Continuation of Health Benefits During Certain Leaves of Absence (Mandatory)
The FFCRA also requires (with some exceptions) employers with fewer than 500 employees to provide certain paid sick leave and family and medical leave related to certain COVID-19 reasons, as follows:
- Paid sick leave. An applicable employer must provide two weeks of emergency paid sick leave (EPSL) to an employee who is unable to work (or telework) due to certain reasons related to COVID-19. Reasons include quarantining of an employee (due to a Federal, state or local order or advice from a health care provider) experiencing COVID-19 symptoms, caring for an individual who is quarantined, and caring for a child under age 18 whose school or child care provider is closed.
- Family and medical leave. The employer must also provide up to twelve weeks of expanded Family Medical and Leave Act (FMLA) leave (ten of which is paid) for an employee who has been employed for at least 30 days and who is unable to work (or telework) due to a bona fide need for leave to care for a child whose school or child care provider is closed or unavailable for reasons related to COVID-19.
During FMLA leave, an employer is required to allow the employee to continue his or her group health coverage at the same premium rate as that of active employees. The DOL has also issued FAQs stating that employers must continue employees' coverage during EPSL, as well. Note, there are also implications for retirement plans under the FFCRA and CARES Act. Although those retirement plan rules are not discussed in this article, some of the CARES Act rules are conceptually similar for retirement plans (e.g., 401(k) plans may allow participants to take "Coronavirus-related" 401(k) plan distributions due to certain COVID-19 reasons).
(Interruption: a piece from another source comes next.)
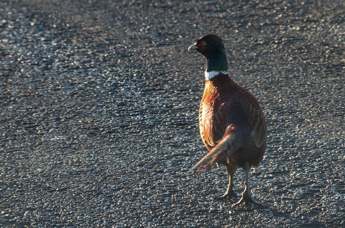 Sem tam také pod kola vletí barevný bažant. Ostrov se totiž podobá jedné velké bažantnici. Během 2 dní jsme viděli několik desítek kusů těchto opeřenců. Krajina ostrova je velice rozmanitá - z hornaté oblasti na severu postupně klesá, nastupují pastviny s stovkami ovcí a lesy, které jsou jak smíšené, tak "české" smrkové monokultury. Na jihu pak najdeme i pole a sady. Tož jsme v Británii, jak potvrzuje i poštovní schránka Royal Mail. Podobně, jako na jiných místech ve Skotsku, zde můžeme najít neprostupné porosty trnitého keře hlodáše. Ukázkový půdní profil.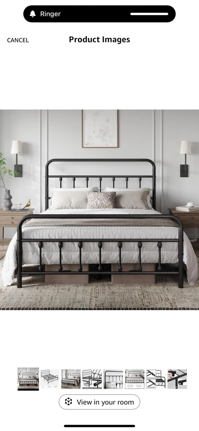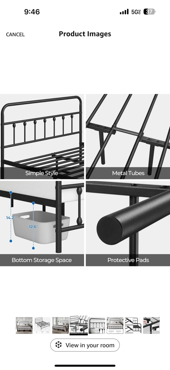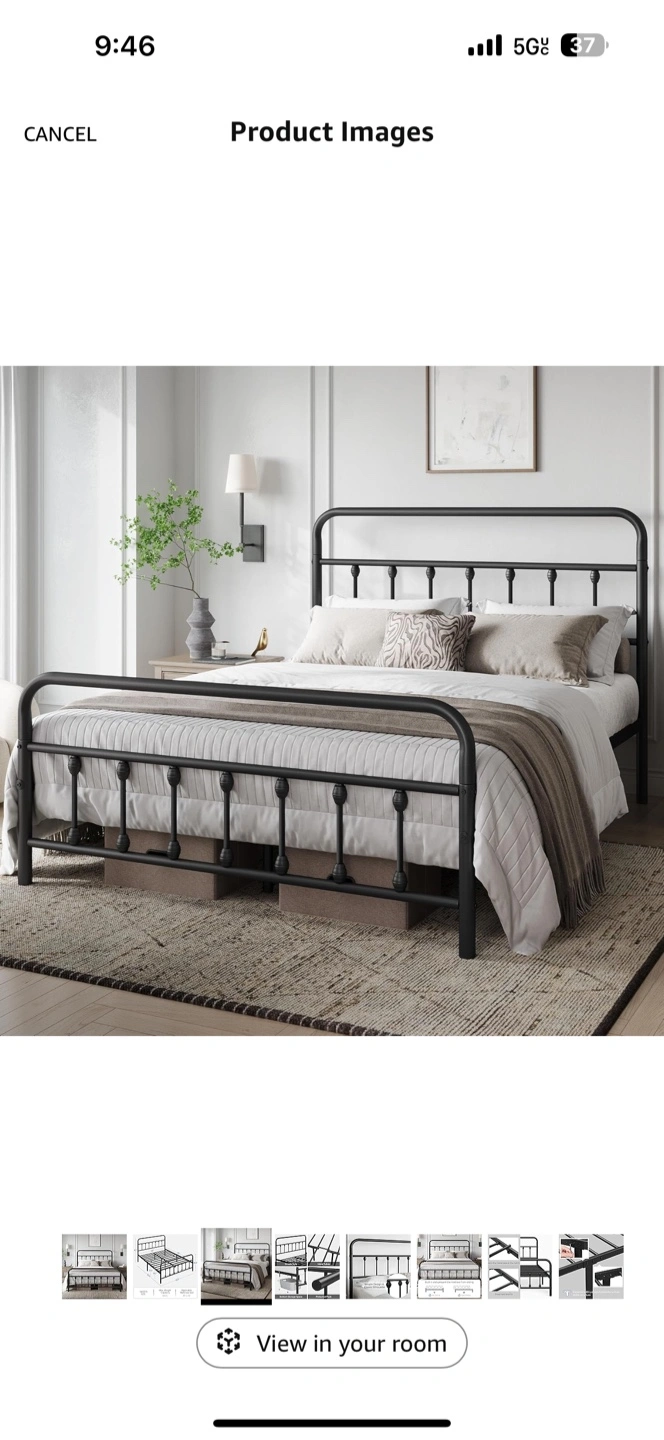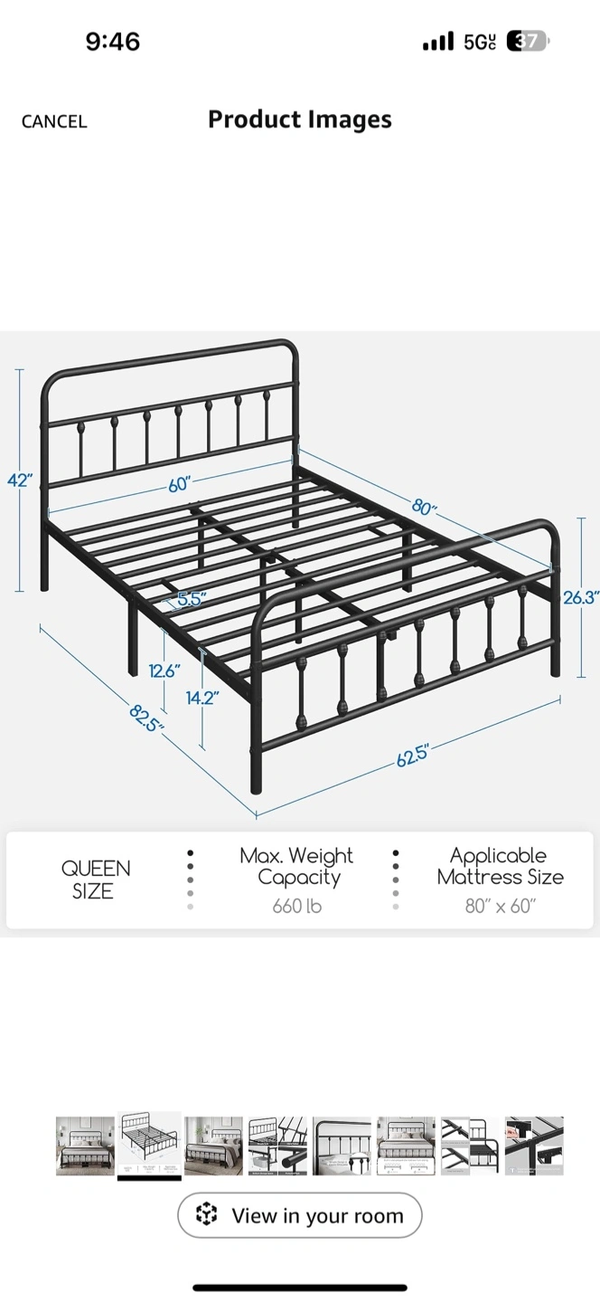 Sturdy metal bed frame. Queen size. Black finish. Simple design. Includes bottom storage space. Supports up to 660 lbs. Protective pads on feet.

High-Deductible Health Plans and Health Savings Accounts (Optional)
IRS GUIDANCE
IRS Notice 2020-15 (March 11, 2020), which was issued prior to passage of the FFCRA and CARES Act, provided that a high-deductible health plan (HDHP) will not lose its HDHP status if it covers COVID-19 testing and treatment before the statutory minimum HDHP deductible is met. Therefore, the plan can cover those COVID-19 related services without causing participants to be ineligible to contribute to a health savings account (HSA). IRS Notice 2020-29 (May 12, 2020) clarified that the provisions in Notice 2020-15 apply to an HDHP's reimbursement of expenses incurred on and after January 1, 2020.
CARES ACT
The CARES Act amended the HSA rules to provide that, for plan years before December 31, 2021, an HDHP does not lose its HSA-eligible status if it covers telehealth and other remote healthcare services before the HDHP deductible is met. This CARES Act provision is broader than the IRS Notices, as it provides that an HDHP can cover telehealth services regardless of whether the services are related to COVID-19. The CARES Act also allows participants to use their HSAs, health flexible spending accounts (FSAs), and health reimbursement arrangements (HRAs) to pay for certain over-the-counter drugs without a prescription as well as certain menstrual care products.
Extended Form 5500 Filing Deadline for Certain Plans (Optional)
IRS Notice 2020-23 (April 9, 2020) extended certain deadlines for a plan to file the required annual Form 5500. Under Notice 2020-23, the Form 5500 deadline was extended to July 15, 2020 for any plan whose plan year ended in September, October, or November 2019 (or any plan that was given a filing extension between April 1 and July 15, 2020). Ordinarily, a plan must file its Form 5500 (absent an extension) by the last day of the seventh month following the end of the plan year.
Relief for Certain Disclosures Required by ERISA (Optional)
EBSA Disaster Relief Notice 2020-01, which was issued by the DOL on April 28, 2020, extended the deadlines for plans to provide certain notices and disclosures under Title I of the Employee Retirement Income Security Act of 1974 (ERISA). Under Notice 2020-01, a plan will not be treated as violating ERISA if it fails to timely furnish a notice, disclosure, or document required by Title I of ERISA between March 1, 2020 and 60 days after the announced end of the national emergency declaration for COVID-19. The plan fiduciary, however, must act in good faith to furnish the notice, disclosure, or document as soon as administratively practicable. For this purpose, a plan fiduciary can meet the "good faith" standard by furnishing a document electronically if it reasonably believes that the recipient has access to electronic communication.
Extensions of Certain Plan Deadlines (Mandatory)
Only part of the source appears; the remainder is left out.